3.2.2. Tollgate Watershed
 The Tollgate watershed represents the mountainous part of the RCEW and has an area of 54.8 [km2]. Its elevation ranges from 1400 to 2241 [m a.s.l.] (Figure 2a). The Tollgate watershed representing the mountainous part of the RCEW and containing the RME basin, is characterized by a vegetation cover similar to that of RME, i.e., firs occupy 11.9% of the area, aspens occupy 8.7%, and sagebrushes 79.4% (Figure 2b).
 For this watershed, two additional meteorological stations and 10 precipitation gauges located within and in the proximity to the catchment (Figure 2a) were used in the spatial interpolation of meteorological inputs [Hanson, 2001; Hanson et al., 2001]. However, the topographic effects on wind speed and snow accumulation were neglected, given the lack of appropriate information to extend the Winstral and Marks  approach to such large spatial scales. Temperature, relative humidity, and precipitation were interpolated, summing the residual and gradient fields. The gradient field was obtained from a linear regression of meteorological observations with altitude. Consequently, the residuals, i.e., the deviations of the measurements from the gradient field, were spatially interpolated using the Inverse Distance Weight (IDW) method [Brutsaert, 2005]. This resulted in a residual field representing the local deviations from the gradient field [Strasser et al., 2008]. The available dataset includes a period of 8 years: August 1985 through July 1993.
 The simulation period for the TOL catchment corresponds to the entire period of meteorological observations. The grid resolution is 50×50 m2, resulting in 21,924 computational elements. The description of soil properties and the representation of vegetation for the TOL catchment are analogous to that of the previously described RME catchment.

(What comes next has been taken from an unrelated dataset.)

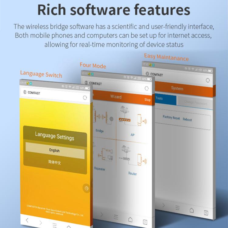 COMFAST CF-E112N V2 2.4GHz 300Mbps 9dBi Monitoring Bridge Set, Plug:UK Plug

4. Model Parameter Adjustment
 Given the relatively high computational cost of distributed simulations and the high dimension of the parameter space of Tethys-Chloris, no formal, traditional, or advanced calibration of the model can be carried out [Seibert and McDonnell, 2002; Bergstrom et al., 2002; Pokhrel et al., 2008]. The choice of model parameter values has been made subjectively, based only on available data or literature information (see the companion paper of Fatichi et al. ).

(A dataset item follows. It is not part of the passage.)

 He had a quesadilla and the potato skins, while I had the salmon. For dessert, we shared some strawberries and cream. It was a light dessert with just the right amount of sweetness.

 The model was first used for the plot scale simulations [Fatichi et al., 2012]. This permitted to control the overall consistency and reliability of simulations, using various metrics of model performance, such as the coefficient of determination, the root mean square error, the Nash-Sutcliffe efficiency, etc. The estimated performance metrics together with qualitative considerations of plausibility of results at different temporal scales (e.g., annual, monthly and daily cycles) in comparison to other studies [e.g., Kurc and Small, 2004; Baldocchi et al., 2004; Flerchinger et al., 2010] were used to adjust the model parameters, while keeping them within a realistic range. The parameters that resulted in a satisfactory performance at the plot scale were subsequently used for spatially distributed simulations. The transition from the plot scale to a distributed domain raises the question of transferability and significance of other parameters that directly affect the spatial dynamics (e.g., the conductivity anisotropy ratio, bedrock leakage). More than one attempt is usually necessary to improve the model results at the watershed scale. In the analyzed cases, the parameters adjusted at the plot scale led to a good performance when applied to spatial domains. The results presented in the following were obtained by running the model two times for the Lucky Hills watershed, where the parameter adjustments only concerned the parameterization of the soil sealing process. Five model simulations were carried out for the Reynolds Creek Mountain East watershed: major modifications concerned the hydraulic conductivity and the anisotropy ratio, as well as physiological parameters of vegetation, specifically, the root depth, the empirical parameter linking photosynthesis to stomatal conductance, a, and the maximum Rubisco capacity, VmaxL [Fatichi et al., 2012]. The results obtained for the Tollgate watershed were not calibrated and obtained with the same parameter values used for the Reynolds Creek Mountain East watershed.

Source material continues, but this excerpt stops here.